== Material for the task ==
-=-=-

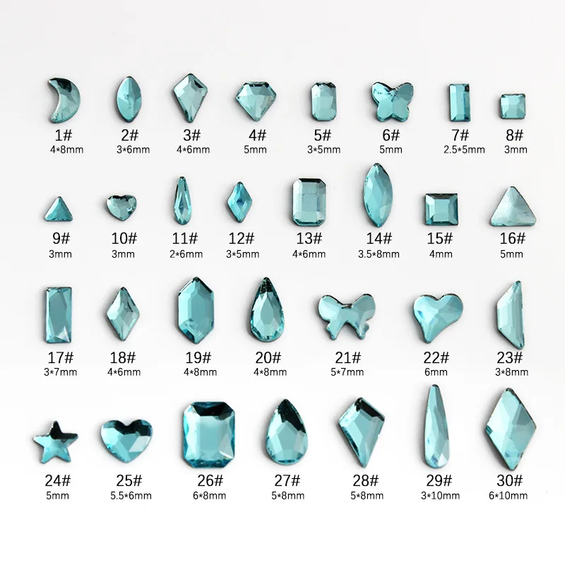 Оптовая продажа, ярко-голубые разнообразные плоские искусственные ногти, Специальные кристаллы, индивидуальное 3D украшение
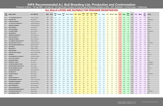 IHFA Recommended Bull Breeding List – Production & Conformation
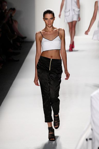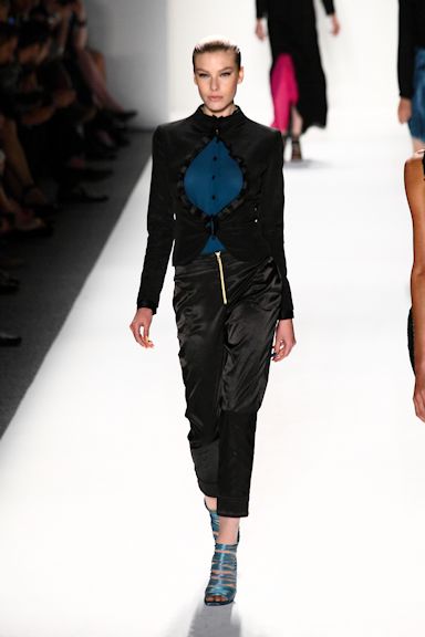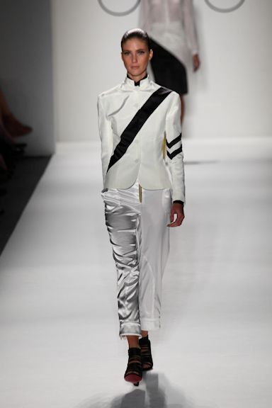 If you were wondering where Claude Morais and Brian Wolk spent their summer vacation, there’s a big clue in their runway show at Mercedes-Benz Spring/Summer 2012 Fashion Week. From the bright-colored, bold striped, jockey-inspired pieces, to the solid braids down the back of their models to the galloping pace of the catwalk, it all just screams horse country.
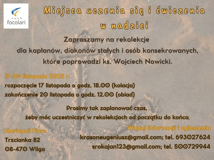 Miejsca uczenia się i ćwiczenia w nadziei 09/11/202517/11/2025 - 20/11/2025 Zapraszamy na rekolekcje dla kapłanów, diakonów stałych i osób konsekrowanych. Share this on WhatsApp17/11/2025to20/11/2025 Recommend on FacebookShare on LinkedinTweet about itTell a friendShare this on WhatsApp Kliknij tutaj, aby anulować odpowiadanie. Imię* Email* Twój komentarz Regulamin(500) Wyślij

-=-=-

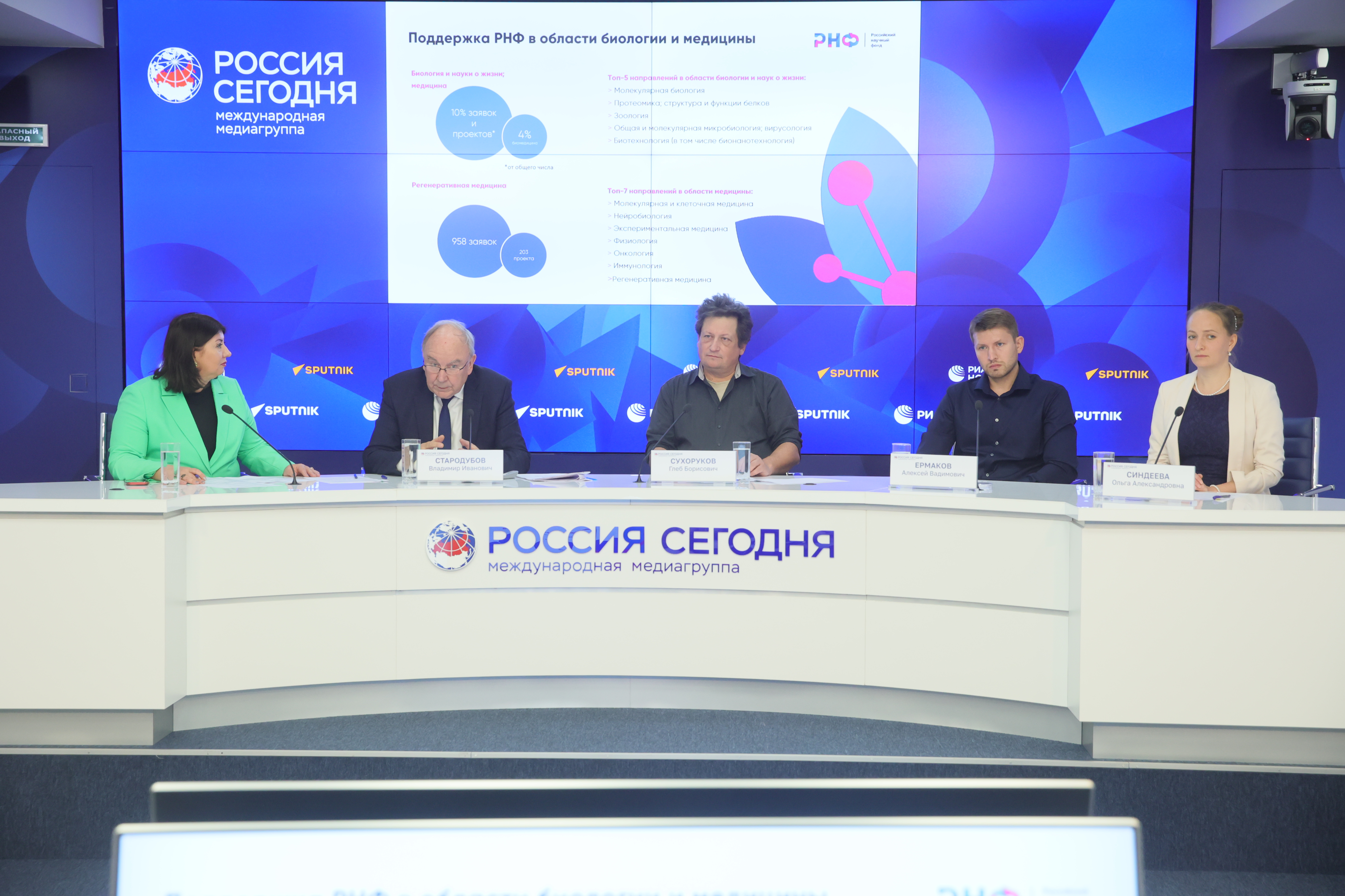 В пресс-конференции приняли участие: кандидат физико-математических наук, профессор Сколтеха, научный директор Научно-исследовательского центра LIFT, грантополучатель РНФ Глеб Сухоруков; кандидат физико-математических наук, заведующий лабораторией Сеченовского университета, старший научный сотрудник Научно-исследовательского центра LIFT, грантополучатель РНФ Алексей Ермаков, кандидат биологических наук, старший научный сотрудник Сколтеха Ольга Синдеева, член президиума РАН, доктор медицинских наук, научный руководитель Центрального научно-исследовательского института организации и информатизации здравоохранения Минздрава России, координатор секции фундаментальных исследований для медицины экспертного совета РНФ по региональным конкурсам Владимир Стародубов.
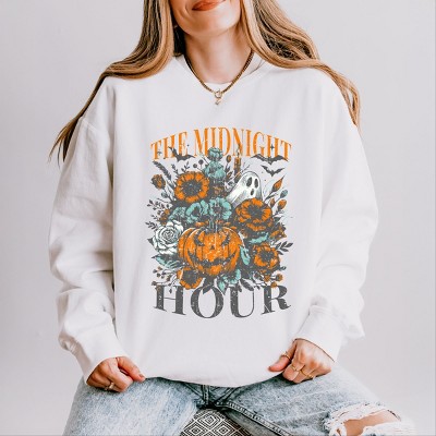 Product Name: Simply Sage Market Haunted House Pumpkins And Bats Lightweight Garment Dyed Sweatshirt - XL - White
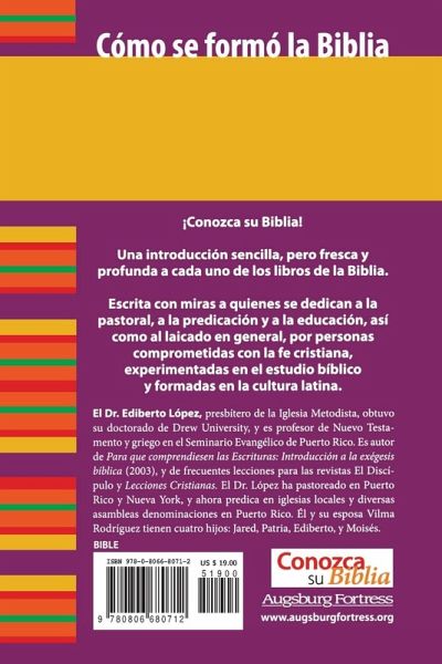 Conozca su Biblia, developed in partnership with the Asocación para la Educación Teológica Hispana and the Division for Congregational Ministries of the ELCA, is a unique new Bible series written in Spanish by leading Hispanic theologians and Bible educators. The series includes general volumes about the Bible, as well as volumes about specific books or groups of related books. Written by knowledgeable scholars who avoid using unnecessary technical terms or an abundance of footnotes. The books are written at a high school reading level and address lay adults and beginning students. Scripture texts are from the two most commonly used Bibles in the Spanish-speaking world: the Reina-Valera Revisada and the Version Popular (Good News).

-=-=-

== What to do ==
Could you output exactly the lines above, from the line with "IHFA Recommended Bull" up to and including the line with "Miejsca uczenia się", and nothing else, skipping the pictures?

== Response area ==
 IHFA Recommended Bull Breeding List – Production & Conformation
 If you were wondering where Claude Morais and Brian Wolk spent their summer vacation, there’s a big clue in their runway show at Mercedes-Benz Spring/Summer 2012 Fashion Week. From the bright-colored, bold striped, jockey-inspired pieces, to the solid braids down the back of their models to the galloping pace of the catwalk, it all just screams horse country.
 Miejsca uczenia się i ćwiczenia w nadziei 09/11/202517/11/2025 - 20/11/2025 Zapraszamy na rekolekcje dla kapłanów, diakonów stałych i osób konsekrowanych. Share this on WhatsApp17/11/2025to20/11/2025 Recommend on FacebookShare on LinkedinTweet about itTell a friendShare this on WhatsApp Kliknij tutaj, aby anulować odpowiadanie. Imię* Email* Twój komentarz Regulamin(500) Wyślij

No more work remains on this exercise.